A noter aussi, cette manifestation de soutien à notre confrère Kamel Daoud, l'écrivain et journaliste qui a été directement menacé de mort par l'imam Hamadache. Selon El Watan, ils étaient près d'une centaine de citoyens à s’être rassemblés hier à Oran, la ville dont il est originaire devant le palais de justice pour dénoncer les propos scandaleux de l'imam salafiste. Les manifestants ont clamé en cœur : « ni Daesh ni Hamadaech, relate El Watan ». «Aujourd’hui, c’est Kamel Daoud, demain, à qui le tour ? », s'indigne un manifestant.

RDC : le retour de Moïse.

En République Démocratique du Congo, le retour d'un "nouveau rival"... au président Kabila, Moise Katumbi, fait couler beaucoup d'encre.

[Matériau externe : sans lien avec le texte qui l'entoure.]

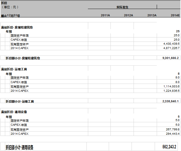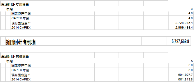 现在我们可以根据图表18-1定义的折旧年限和残值率开始计算2014年的折旧了,如下表 18-6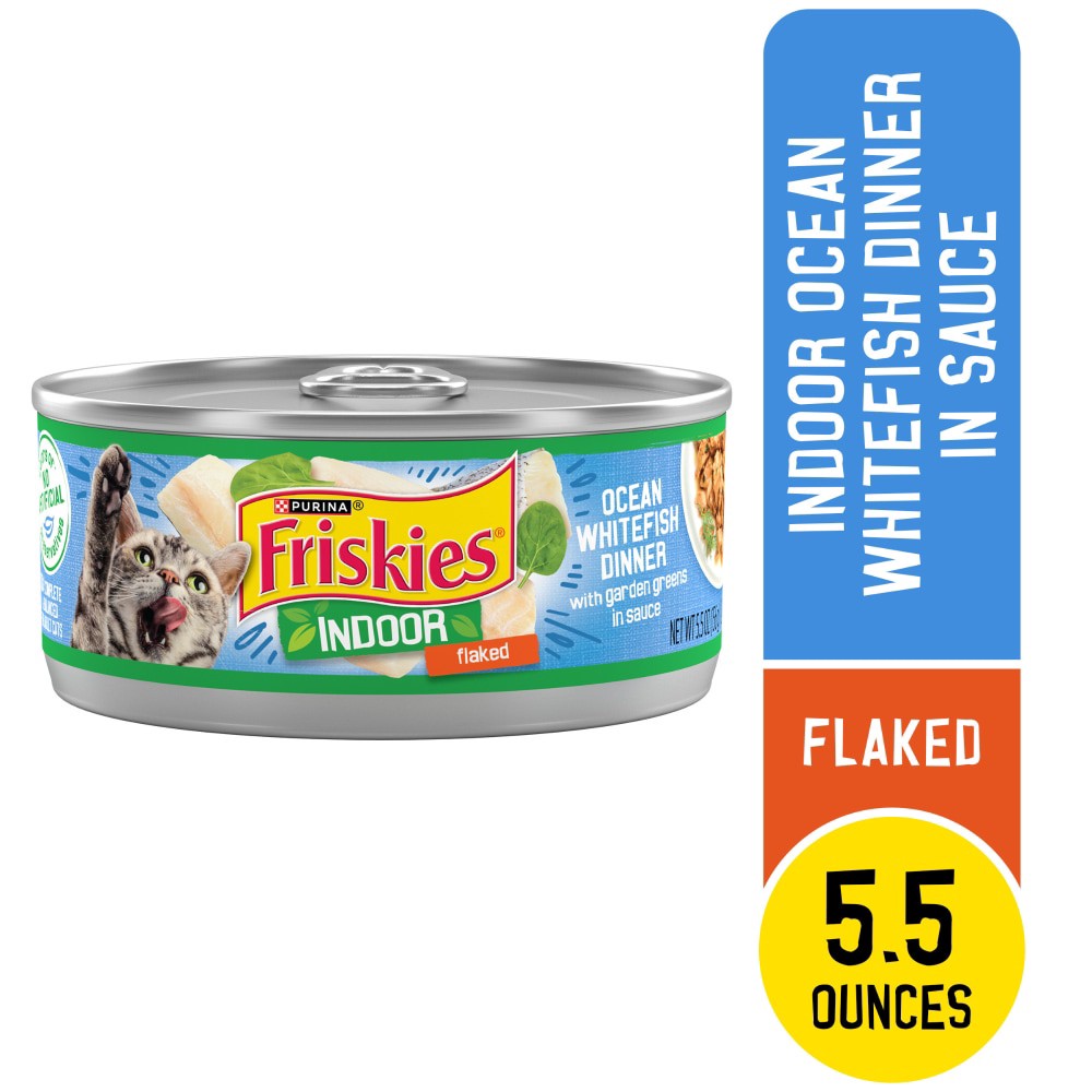 Purina Friskies Indoor Wet Cat Food, Indoor Flaked Ocean Whitefish Dinner in Sauce

« Les rumeurs le disaient malade, victime d’une tentative d’empoisonnement et en soins intensifs à Londres depuis trois mois, mais le gouverneur du Katanga est apparu rayonnant à sa descente d’avion dans son fief de Lubumbashi, ironise Afrikarabia. »

Il a été accueilli comme « un Moïse, surenchérit KongoTimes, par une foule monstre à Lubumbashi. L’homme possède de nombreux atouts, estime encore le journal : jeune, riche, populaire, président du plus important club de foot congolais, Moïse Katumbi vient aussi de la riche province minière du Katanga, véritable » coffre fort « du Congo et forte pourvoyeuse de voix lors des élections. Autant d’avantages, qui font de Moïse, un rival sérieux du président Kabila », estime plus loin Kongo Times.

7 sur 7 publie une série de photos sur ce « retour triomphal », selon lui. On voit Moïse Katumbi à la descente de l'avion, tout sourire dans une veste à carreaux bleu et blanc, puis un chapeau sur la tête, parader comme une star du ballon rond, dans les rues, au milieu de la foule. 7 sur 7 rapporte cette petite phrase de Moïse Katumbi lors de son discours : « Les images que j’ai vu aujourd’hui, c’est plus que le Burkina Faso »., faisant référence ainsi à la révolution qui a emporté le régime de l’ex-président Compaoré.

Pour 7 sur 7, « Moise Katumbi a franchi la ligne rouge ».